Значительнее оказались его сотоварищи по группировке 23 — Байар и Боннар, менее удержались Валлотон и Руссель. Знаменательно, что по сравнению со всеми этими представителями так называемого неоимпрессионизма 24 и постимпрессионизма меньше сдают даже такие старики, как Каролюс Дюран, Каррьер и даже Бонна, казавшиеся людьми давно отпетыми в дни расцвета в 1900-х годах этих, тогда еще юных, сил. Но это отдельные единицы, все остальные, а их множество, просто не запоминаются и даже не смотрятся. Словно ходишь не по музею, где ежегодно оседают одна-две вещи из нескольких десятков тысяч, выставляющихся в Париже, а по выставке. Уровень — сплошь средний и даже ниже среднего.

Одна картина среди этой массы посредственностей пользуется огромным успехом у публики — «Портрет дамы в розовом» художника Этчеверри. Изображена красивая женщина в рост, в шикарном атласном платье. Написан этот большой холст ремесленно умело, местами очень иллюзорно, особенно в передаче шелка, серебра, корсажа, туфель, но это ни с какой стороны не имеет отношения к искусству, это тот чудовищный по численности материал, который заполняет все парижские салоны, пропадая вслед за тем в преисподнюю, чтобы никогда более не появляться на поверхности. Стоило бы заняться вопросом, куда в самом деле этот товар проваливается? С головы до пяток здесь все пошло — трактовка всей композиции, фотографичность передачи, приторность красок.
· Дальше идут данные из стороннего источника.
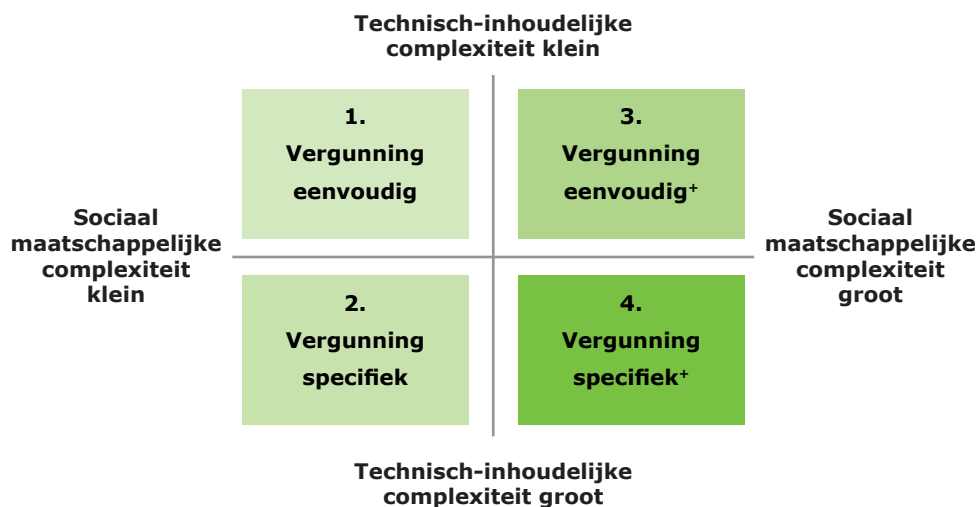
Figuur 1 – Vier typen vergunningen, afhankelijk van de technisch-inhoudelijke en sociaal-maatschappelijke complexiteit van de specifieke situatie van de inrichting of activiteit en/of het gebied waarin de inrichting is gevestigd of de activiteit plaatsvindt.

De vergunningen en meldingen worden langs de assen van Technisch-inhoudelijk complex en Sociaal maatschappelijk complex gelegd. Zie onderstaande figuur uit de VTH-strategie.

А перед этой картиной постоянно толпится та самая пошлая же и восторженная публика, на которую она и рассчитана.

После такого, с позволения сказать, искусства, конечно, с облегчением вздыхаешь, переходя в залы новейшей живописи. Им остроумно предпослано некое «чистилище» в виде небольшого собрания импрессионистов, оставленного в Люксембургском музее, для связи прошлых эпох с модернистскими течениями. Оставлено по одной, в некоторых случаях по две вещи каждого мастера из числа наименее значительных, почему их отсутствие в Лувре не столь ощутимо.